Coley's Toxins - History

History

Observations of a relationship between infection and cancer regression date back to at least the 18th century. More specifically, observations of an apparent relationship between erysipelas and remission of cancer predate Coley. For example, Anton Chekhov, in his capacity as a physician, recorded such a relationship in 1884.

Coley started his investigations after the death of one of his first patients, Elizabeth Dashiell, from sarcoma. Dashiell was a close childhood friend of John D. Rockefeller, Jr., who later indicated that her death was what first motivated his subsequent funding of cancer research.

Frustrated by this case, Coley's subsequent research led him to find evidence of the apparent relationship between infection and cancer regression, which he published in 1891. His initial attempts at deliberate infection were mixed, but in 1893 he began combining Streptococcus pyogenes and Serratia marcescens, based upon research from G.H. Roger indicating that this combination led to greater virulence.

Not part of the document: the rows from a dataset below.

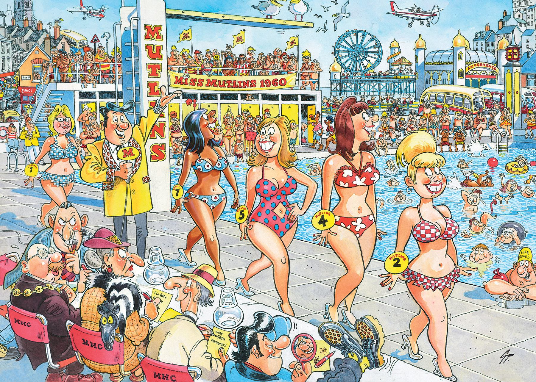 The holidaymakers are enjoying the ‘Miss Mutlins 1960’ beauty contest beside the swimming pool on this lovely summer’s day. The ‘Super Models’ are parading their assets in front of the crowd and loving all the attention. But what will these holidaymakers be watching if it were today?
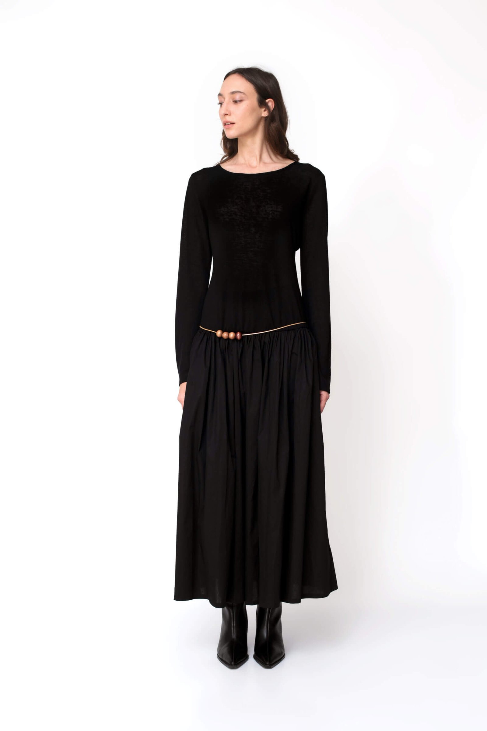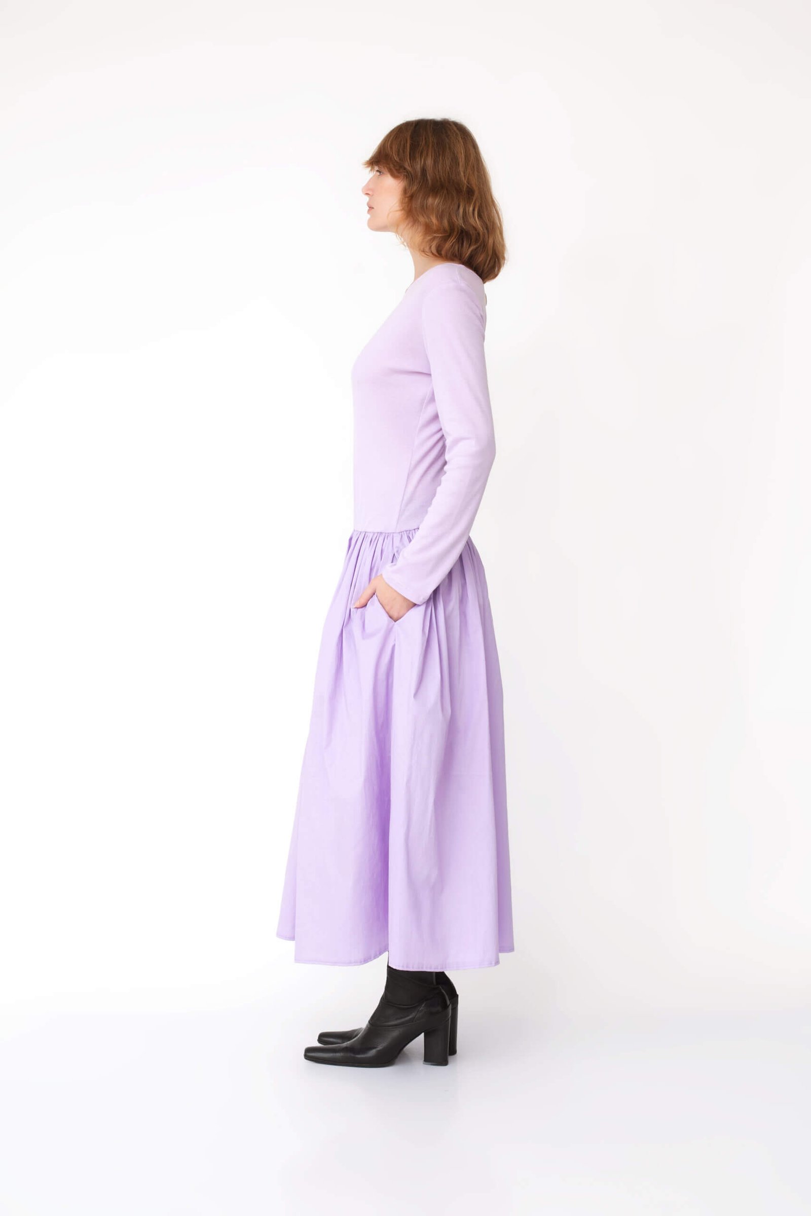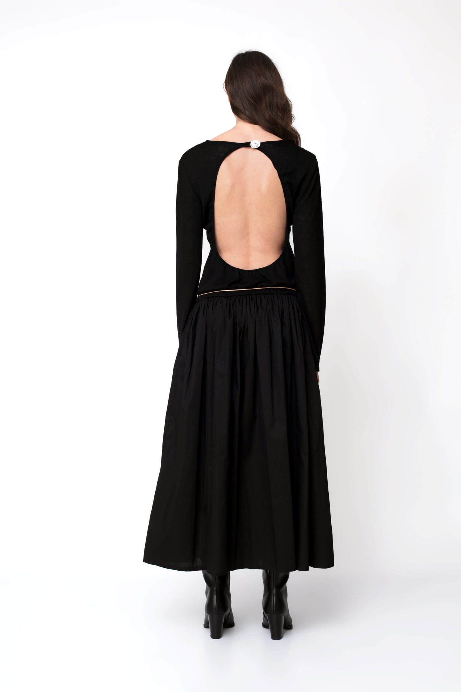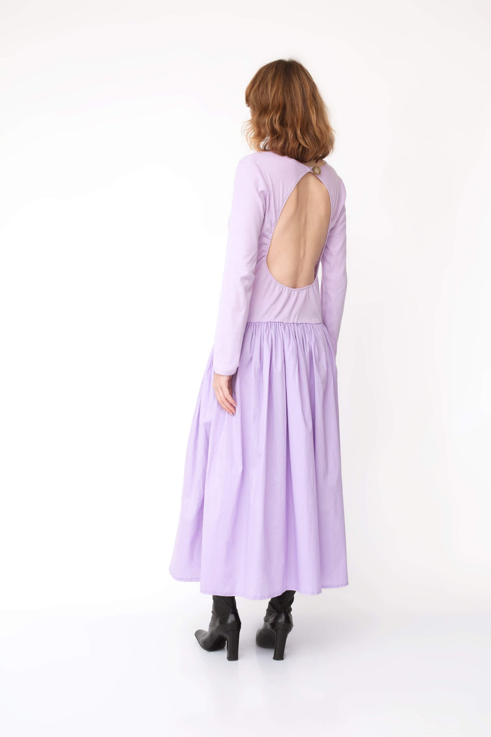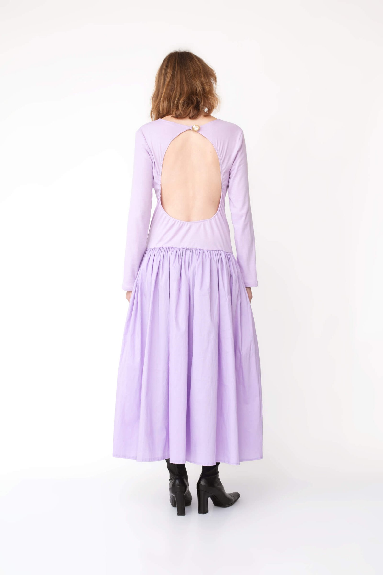 Gentle structure is brought throughout this season’s collection to create unique silhouettes with a strong feminine power. This sculptural dress is accentuated by a fitted knit top and a voluminous gathered skirt with side pockets and an open back. Available in 2 colors- Solid Black and Lilac.
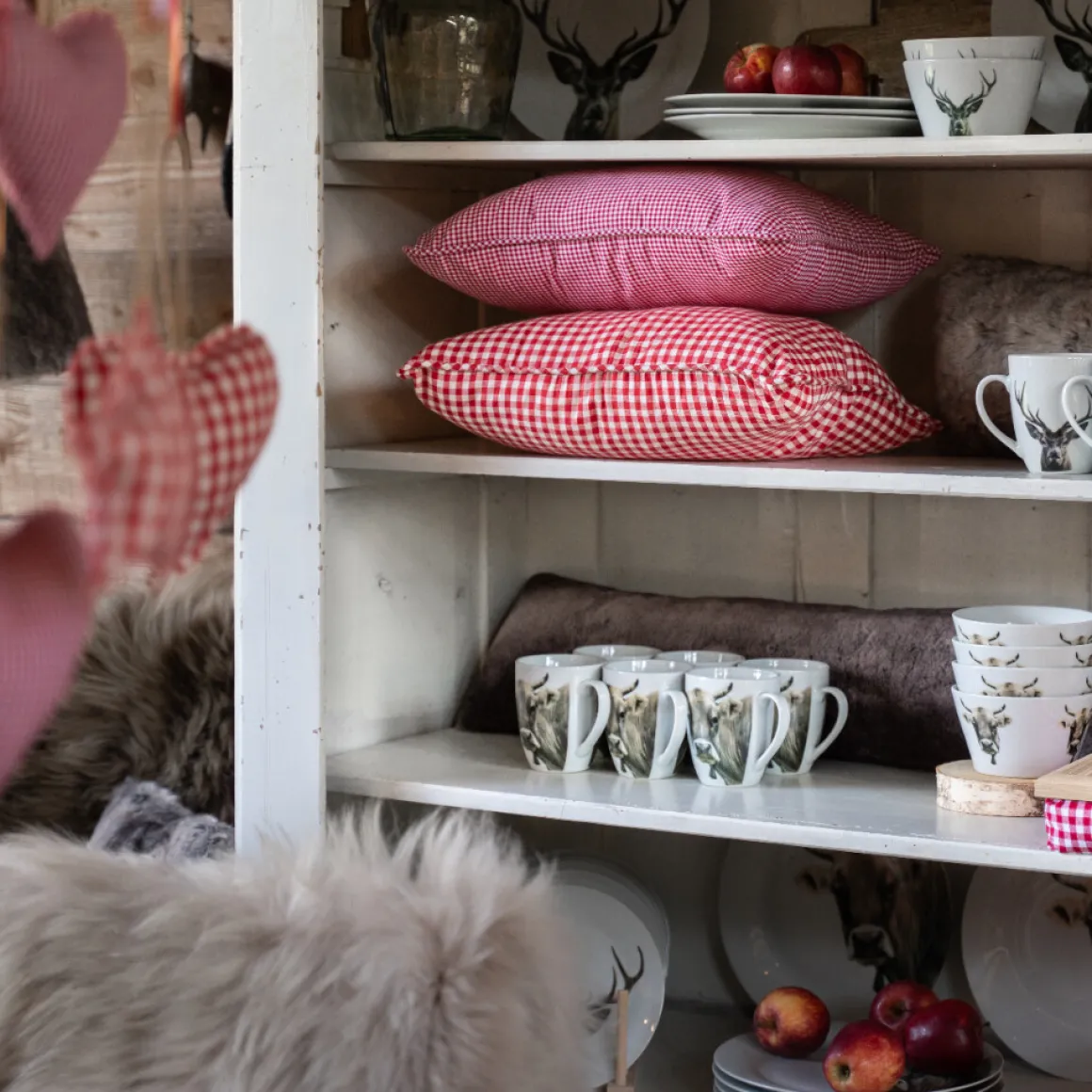 Baumwoll Kissen Karo weiß-rot, groß, 55x55cm, Mars & More
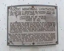 In July 1968 the Seamen's Church Institute moved to 15 State Street. That year, the Titanic Memorial Lighthouse was donated by the Kaiser-Nelson Steel & Salvage Corporation to the South Street Seaport Museum. It was erected at the entrance to the museum complex, on the corner of Fulton and Pearl streets, in May 1976, with funds provided by the Exxon Corporation.[3]

The so-called Coley's Toxins were used against different types of cancer from the year 1893 through the year 1963. From 1923 on, Parke-Davis was the only source of Coley's Toxins in the United States. In the wake of the thalidomide controversy and the Kefauver Harris Amendment of 1962, Coley's Toxins were assigned "new drug" status by the Food and Drug Administration (FDA), making it illegal to prescribe them outside of clinical trials. Since then, several small clinical trials have been conducted with mixed results.

Coley's Toxins were also produced by the small German pharmaceutical company Südmedica and sold under the trade name Vaccineurin. However, production ceased by 1990 because of a lack of re-approval by German Federal Institute for Drugs and Medical Devices.